The prospect of peaches

I do tend to waffle on about peaches rather a lot, but, although they are something of a labour, a perfectly ripe peach has to be one of the most delicious of fruits. A few weeks ago I was busy hand pollinating the peach blossom – see previous post tickling the peaches. On a good sized fan trained tree with heavy blossom this takes quite some time to do properly. It is important though, as there are few pollinating insects flying when the peaches are in flower. Today, I noticed that we appear to have achieved great fruit set, so that the effort looks like being rewarded. Small fruitlets are clearly visible now amongst the fading petals, and a very high percentage of flowers appear to have been successfully pollinated. It is, of course, a little too early to get excited – there is often a natural drop of fruit later in the year – and many things can go wrong before we get any ripe fruit, but there is, at least, a great prospect for our peaches this year.
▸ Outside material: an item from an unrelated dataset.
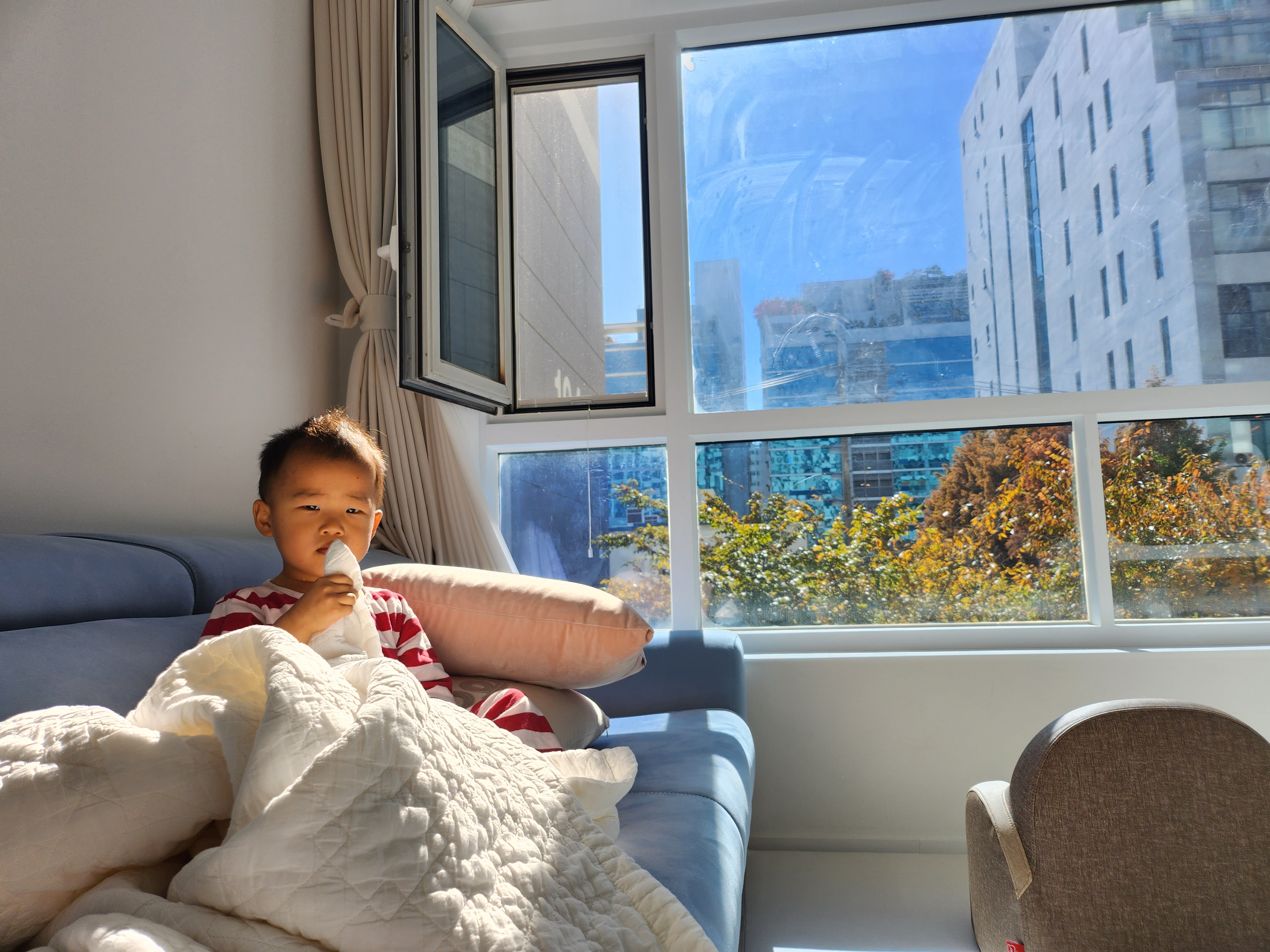 소파에 이불 하나만 있어도 실컷 놀 수 있어요.

All three of our peach trees will need thinning later, when the fruitlets are about the size of a walnut. The Pêche de Vigne, which is the most developed of our three peaches, will probably need to be limited to just two, or at most three, fruits per branch, and some support may be needed so that the relatively slender branches can take the weight without damage. Our Early Rivers peach, which was completely covered in blossom, will most likely need extensive thinning. Even once the poorly placed fruitlets, such as those facing the wall, are removed there will still be too many for the tree to bring to perfection. Our Bellegarde peach bore the least blossom this year, much less than Early Rivers, but will at least need poorly placed fruitlets to be removed. Hopefully, the embryonic fruits that are visible today will develop well over the coming months.